PROBLEM REQUIREMENTS: Each line of the data must be written out again verbatim; no image belongs in the copy.

RECORDED DATA:
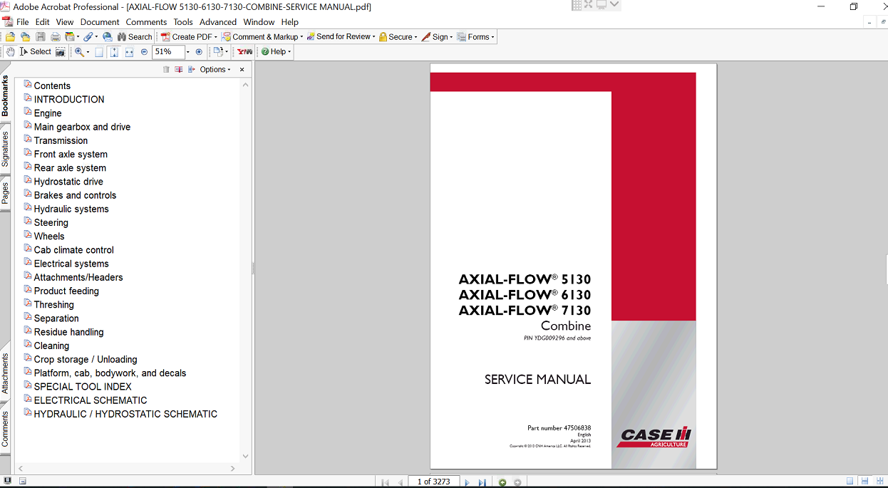 | Included Items | Complete Service Repair Manual for Case IH Axial Flow 5130 Combine |
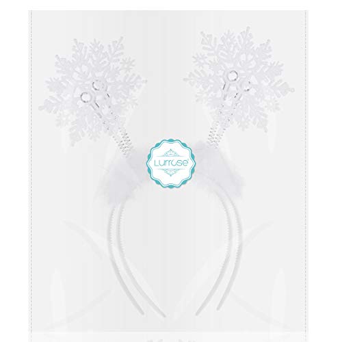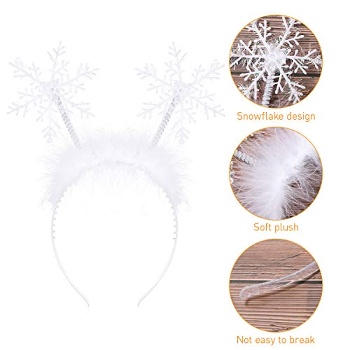 Lurrose, 2 fasce per capelli natalizie con fiocchi di neve, fiocchi di neve e piume, accessori per capelli per Natale
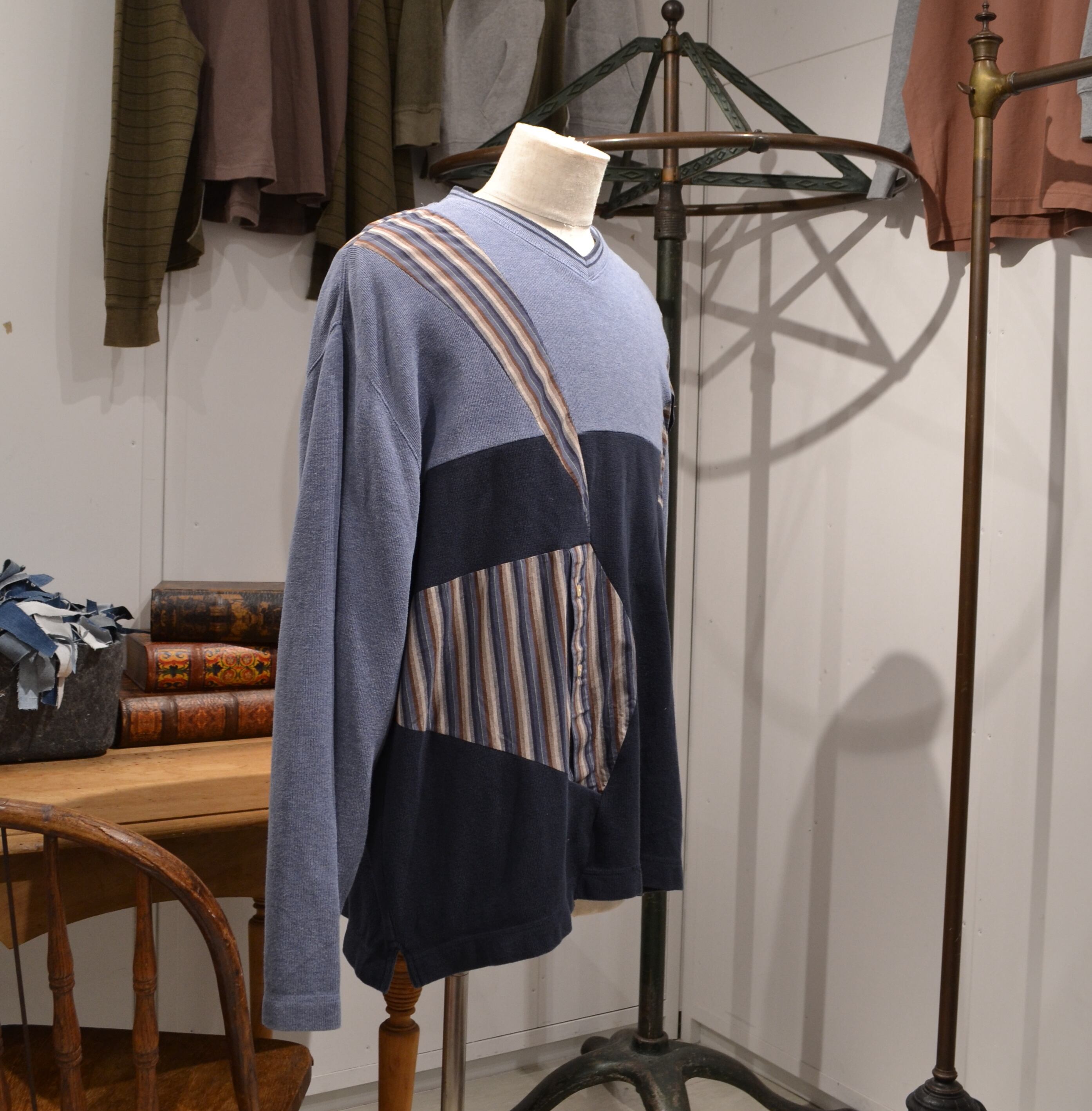 リメイク古着 Vネック ブルー
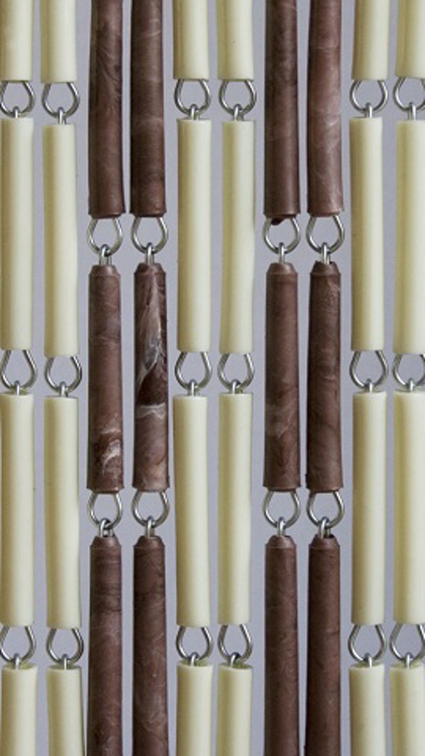 Kant en Klaar vliegengordijn bestaande uit 2 kleuren: creme en bruin-gevlamd. De banen verspringen, zoals op de foto te zien is. Het vlam effect op de bruine hulzen geeft het vliegengordijn een luxueuze uitstraling.

OUTPUT OF THE EXERCISE:
 | Included Items | Complete Service Repair Manual for Case IH Axial Flow 5130 Combine |
 Lurrose, 2 fasce per capelli natalizie con fiocchi di neve, fiocchi di neve e piume, accessori per capelli per Natale
 リメイク古着 Vネック ブルー
 Kant en Klaar vliegengordijn bestaande uit 2 kleuren: creme en bruin-gevlamd. De banen verspringen, zoals op de foto te zien is. Het vlam effect op de bruine hulzen geeft het vliegengordijn een luxueuze uitstraling.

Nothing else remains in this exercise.